The CSIRT analyst looks at the situation and determines that a compromise may have happened. The CSIRT member directs the server administrator to check event logs for any logins using those administrator accounts. The server administrator identifies two logins, one on a database server and another on a web server in the DMZ. The CSIRT analyst then directs the network administrator assigned to the CSIRT to examine network traffic between the SQL database and the web server. Also, based on the circumstances, the CSIRT analyst escalates this to the CSIRT coordinator and informs them of the situation. The CSIRT coordinator then begins the process of engaging other CSIRT core team and technical support members to assist.
After examining the network traffic, it is determined that an external threat actor has compromised both systems and is in the process of exfiltrating the customer database from the internal network.

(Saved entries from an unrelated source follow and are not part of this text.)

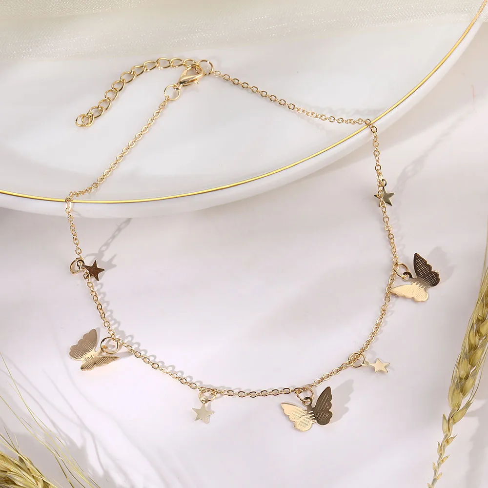 Женский чокер золотистого цвета, ожерелье с бабочкой для женщин, це...
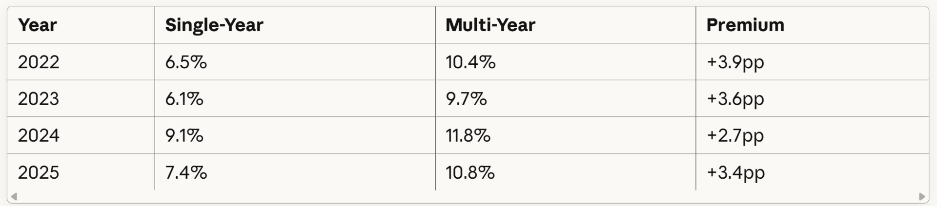 That +2.6pp premium in 2025 is the largest gap we’ve seen in recent memory. Multi-year is getting more valuable.
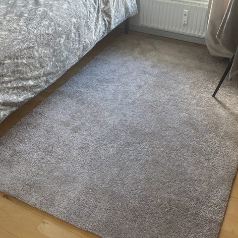 IKEA tæppe i beige farve. Tæppet har en lang, blød luv og rektangulær form, velegnet til brug i stue, soveværelse eller andre opholdsrum.
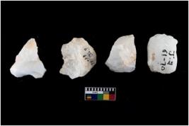 | Description / विवरण | A specimen of a fluted core having several broad fluted marks indicating the detached blades from it |

At this point, the CSIRT coordinator identifies this as a high-level incident and begins the process of bringing support personnel into a briefing. As this incident has involved the compromise of customer data, the CSIRT support personnel such as marketing or communications and legal need to become involved. If more resources are required, the CSIRT coordinator will take the lead on making that decision.
The escalation procedures are created to ensure that the appropriate individuals have the proper authority and training to call upon resources when needed. The escalation procedures should also address the involvement of other personnel outside the core CSIRT members based on the severity of the incident. One of the critical functions of the escalation procedures is to clearly define what individuals have the authority to declare anomalous activity an incident. The escalation procedures should also address the involvement of other personnel outside the core CSIRT members, based on the severity of the incident.